Aim of the task | Make an exact copy of the whole listing, but leave its pictures out.

Data provided |
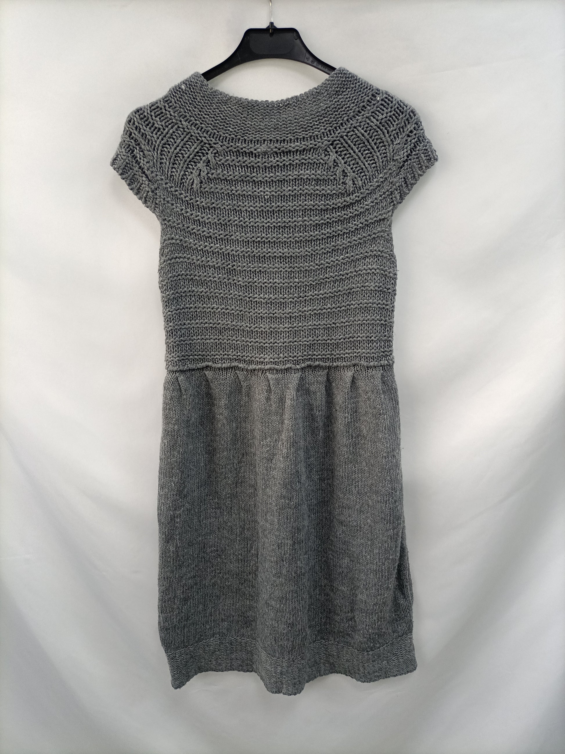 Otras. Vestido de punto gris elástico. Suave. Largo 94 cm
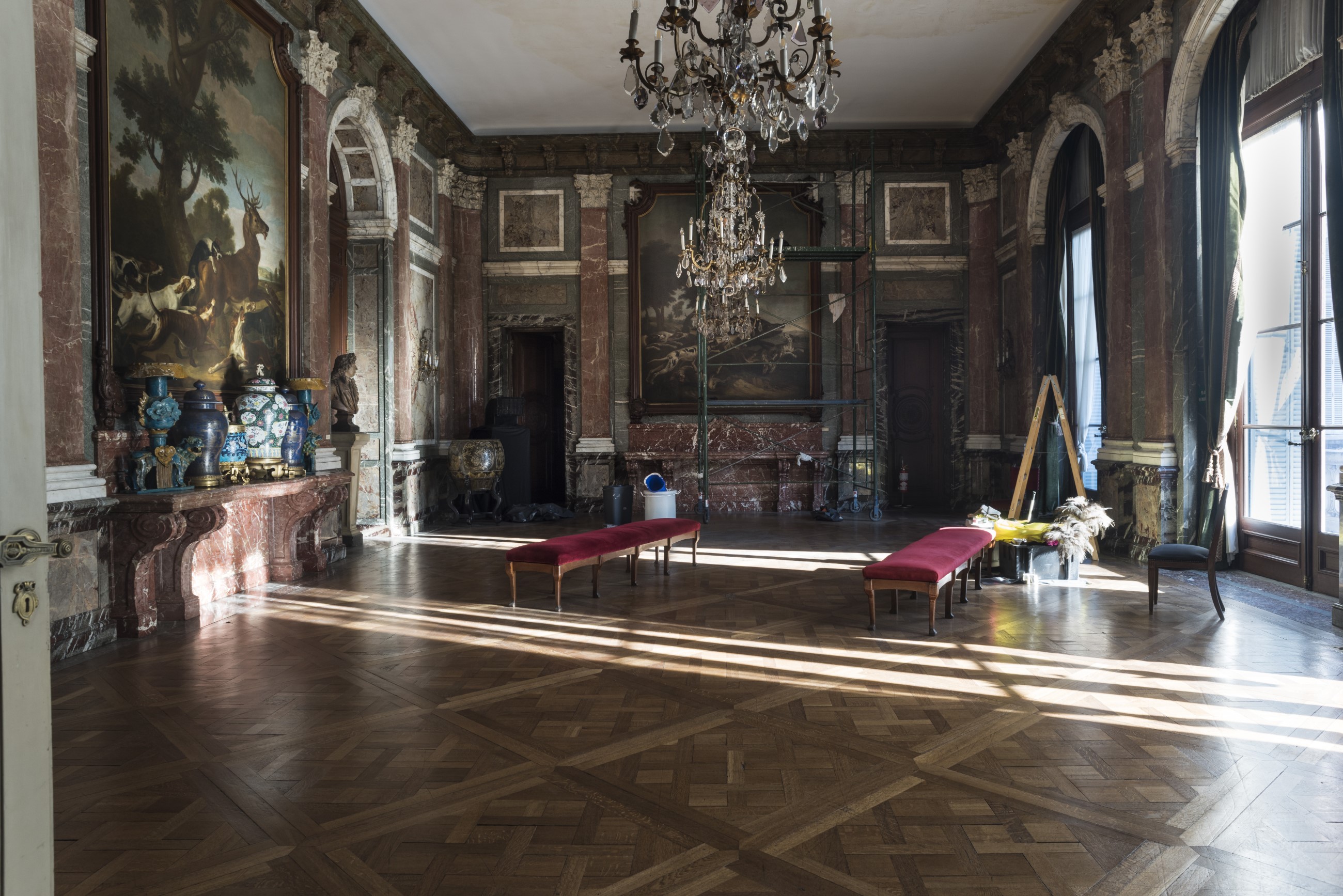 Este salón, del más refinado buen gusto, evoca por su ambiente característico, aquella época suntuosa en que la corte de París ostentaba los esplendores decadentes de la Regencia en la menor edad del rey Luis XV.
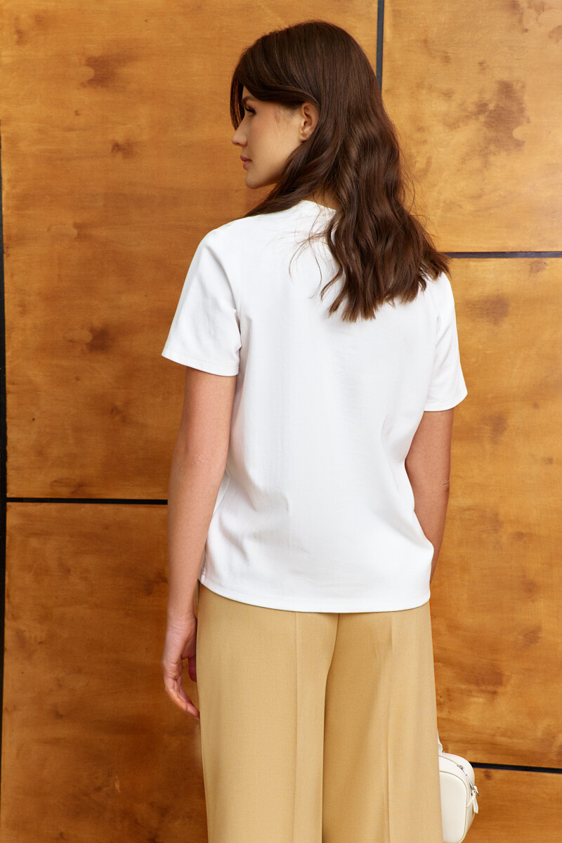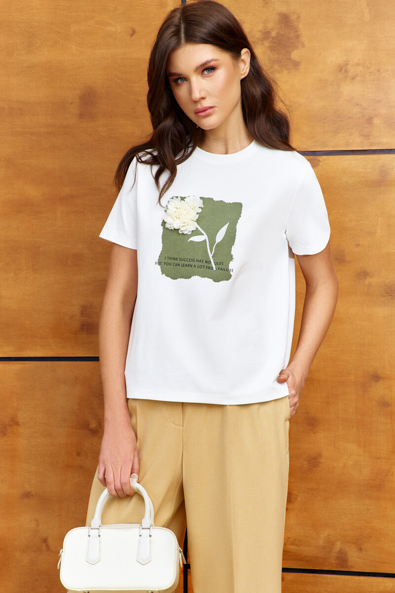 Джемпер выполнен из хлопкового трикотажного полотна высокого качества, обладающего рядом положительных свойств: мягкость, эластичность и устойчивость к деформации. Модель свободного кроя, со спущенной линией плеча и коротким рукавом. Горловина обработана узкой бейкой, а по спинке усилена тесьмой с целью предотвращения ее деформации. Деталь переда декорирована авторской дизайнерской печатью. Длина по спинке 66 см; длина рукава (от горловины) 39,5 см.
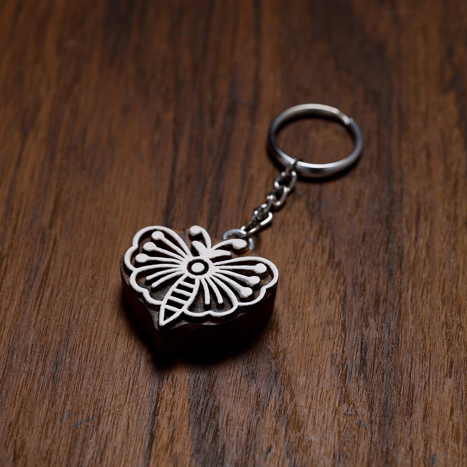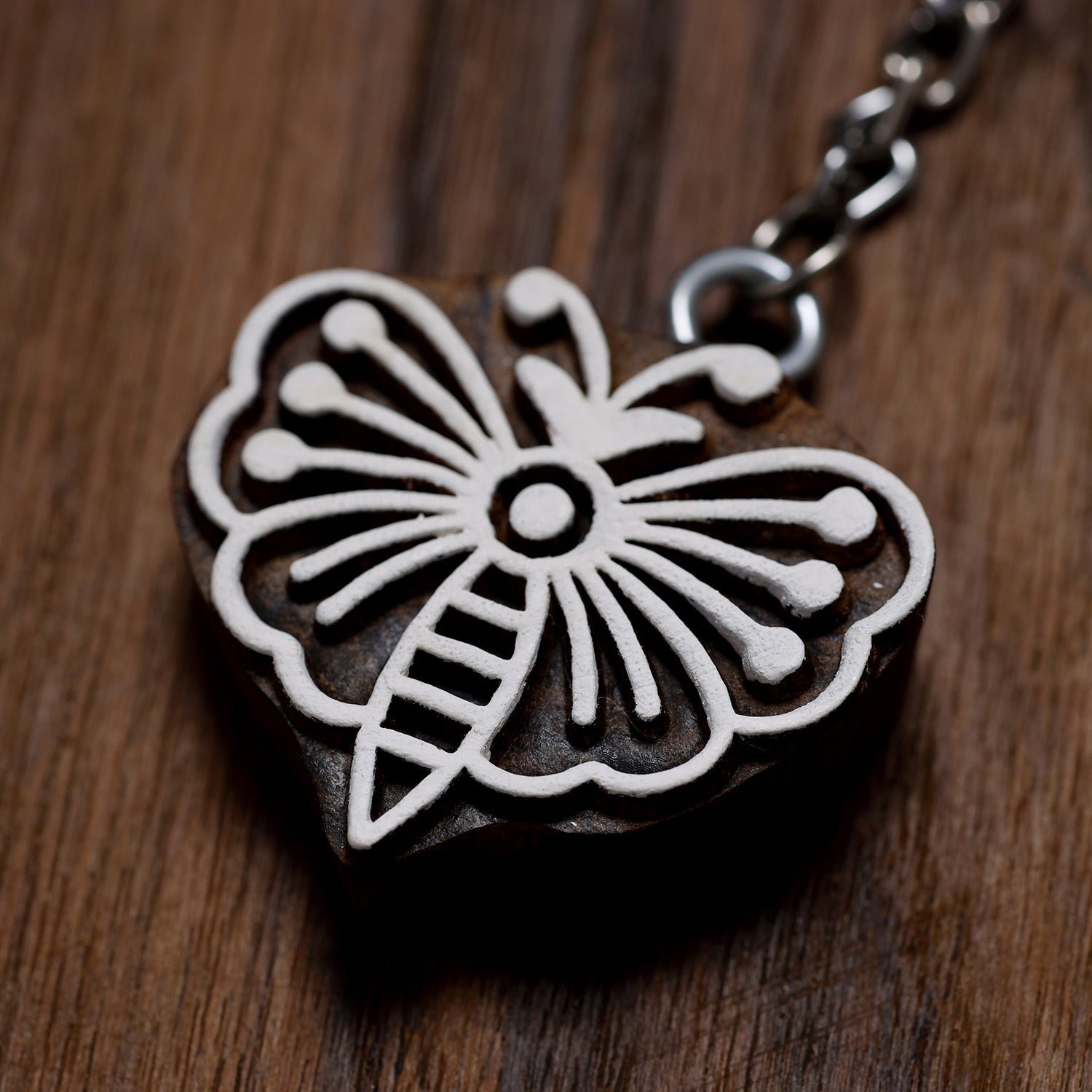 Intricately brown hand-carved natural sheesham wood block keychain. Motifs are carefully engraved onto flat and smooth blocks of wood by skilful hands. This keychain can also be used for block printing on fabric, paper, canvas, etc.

Written response |
 Otras. Vestido de punto gris elástico. Suave. Largo 94 cm
 Este salón, del más refinado buen gusto, evoca por su ambiente característico, aquella época suntuosa en que la corte de París ostentaba los esplendores decadentes de la Regencia en la menor edad del rey Luis XV.
 Джемпер выполнен из хлопкового трикотажного полотна высокого качества, обладающего рядом положительных свойств: мягкость, эластичность и устойчивость к деформации. Модель свободного кроя, со спущенной линией плеча и коротким рукавом. Горловина обработана узкой бейкой, а по спинке усилена тесьмой с целью предотвращения ее деформации. Деталь переда декорирована авторской дизайнерской печатью. Длина по спинке 66 см; длина рукава (от горловины) 39,5 см.
 Intricately brown hand-carved natural sheesham wood block keychain. Motifs are carefully engraved onto flat and smooth blocks of wood by skilful hands. This keychain can also be used for block printing on fabric, paper, canvas, etc.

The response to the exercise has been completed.